Boston's BayBanks Inc. is beefing up the list of mutual funds it offers its customers, adding a few well-known names while dropping others.

The $10.5 billion-asset banking company now offers more than 50 funds, including, its proprietary BayFunds.

Added to the list were portfolios from Franklin Resources, John Nuveen & Co., and Fidelity Investments' Advisor family of mutual funds. At the same time, BayBanks trimmed some of its offerings from Putnam Investments and Eaton Vance Distributors.

In recent months, many banks have slashed their lists to only a handful of outside and proprietary funds.

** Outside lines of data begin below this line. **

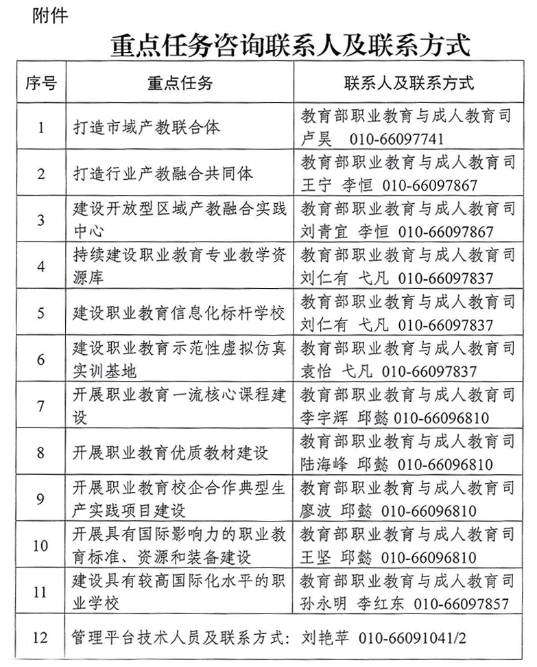 各重點(diǎn)任務(wù)建設(shè)指南將在現(xiàn)代職業(yè)教育體系改革管理公共信息服務(wù)平臺(tái)(網(wǎng)址:http://zj.chinaafse.cn/, 以下簡(jiǎn)稱管理平臺(tái)) 予以公布。各地要積極組織有關(guān)政府部門、學(xué)校、企業(yè)、產(chǎn)業(yè)園 區(qū)承接重點(diǎn)任務(wù),明確各重點(diǎn)任務(wù)牽頭建設(shè)單位(以下簡(jiǎn)稱建設(shè)單位),根據(jù)各重點(diǎn)任務(wù)建設(shè)指南的要求,整合教育產(chǎn)業(yè)政策資源、形成建設(shè)方案(含年度績(jī)效目標(biāo))并上傳管理平臺(tái),自主開展建設(shè),接受監(jiān)督調(diào)度。各項(xiàng)目咨詢聯(lián)系人及聯(lián)系方式見附件。
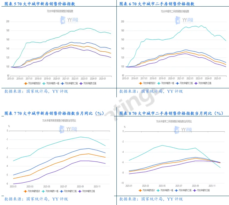 新房市场:各能级城市新房成交价格同比跌幅加深,其中一线城市同比跌幅扩大较多。2025年12月,70大中城市新建商品住宅价格指数同比下跌3.00%,较11月跌幅继续扩大0.20pct;一线、二线和三线城市分别同比下跌1.70%、2.50%和3.70%,较11月跌幅分别扩大0.50pct、0.30pct和0.20pct。
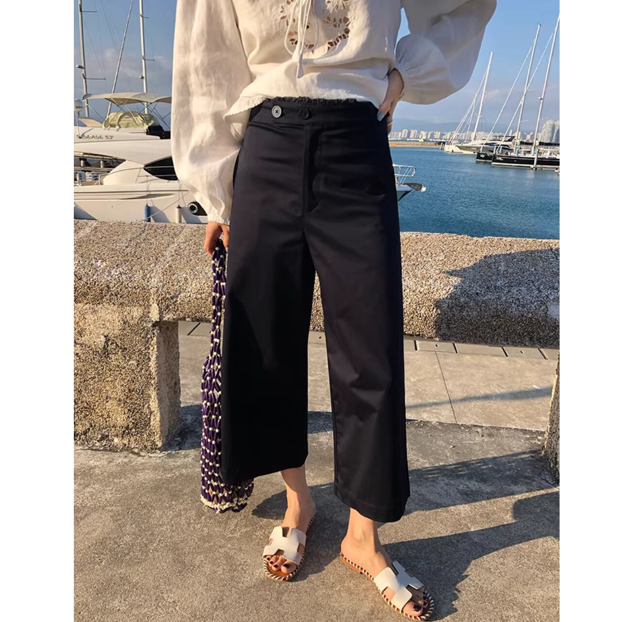 ハイウエストデザインが脚長効果を発揮するクロップドパンツ。
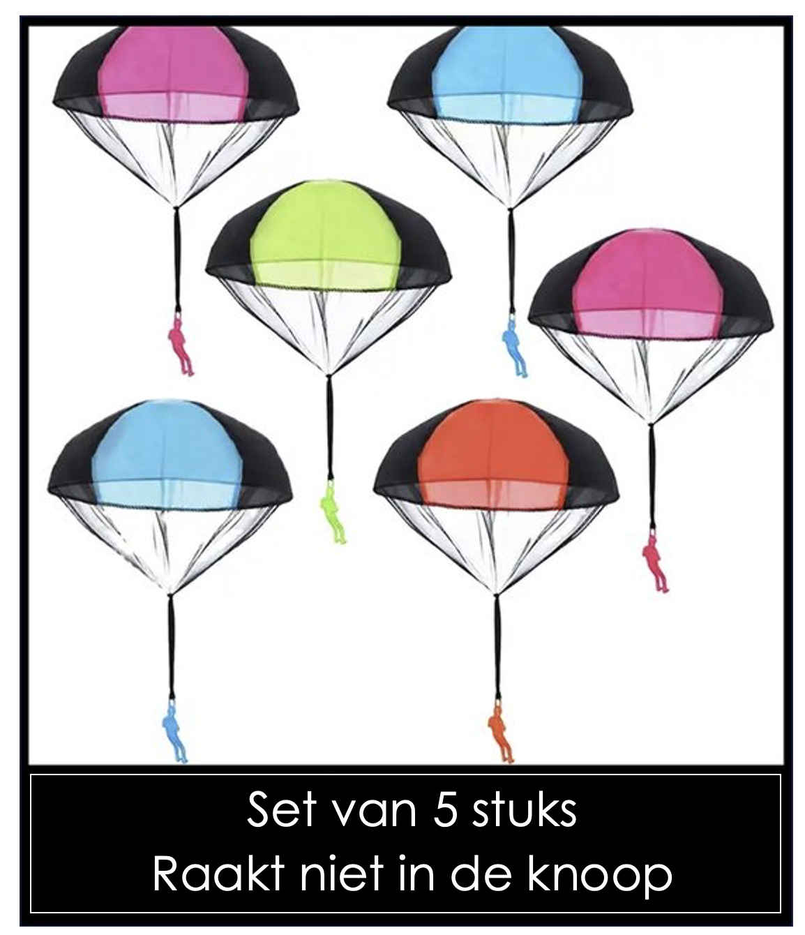 - set van 5 stuks parachute! Gooien maar! Leuk om te geven bij een verjaardagparty.

BayBanks' decision to broaden its investment options may be a sign that banks have cut enough.

Geoffrey H. Bobroff, a mutual fund consultant based in East Greenwich, R.I., said many banks have had to limit the funds they carry to those few that offer the best support and margin for profit, while not overly competing with any proprietary funds the bank might carry.

But rocky markets and flaccid returns on some mutual fund investments have led many investors to demand broader options, he said. And regulators are looking more closely at how banks choose the funds they carry. The combined pressure, he said, is causing many banks to reexamine their short lists.

"I think bankers came into the business thinking they were going to have a handful of fund offerings," said Mr. Bobroff. "Maybe now they think they pruned too much and are going the other way."

Richard F. Pollard, vice chairman of BayBanks, said he doesn't see any reason why banks should cut their lists of fund offerings.

"It was clear to us that people want a wider choice of funds," Mr. Pollard said.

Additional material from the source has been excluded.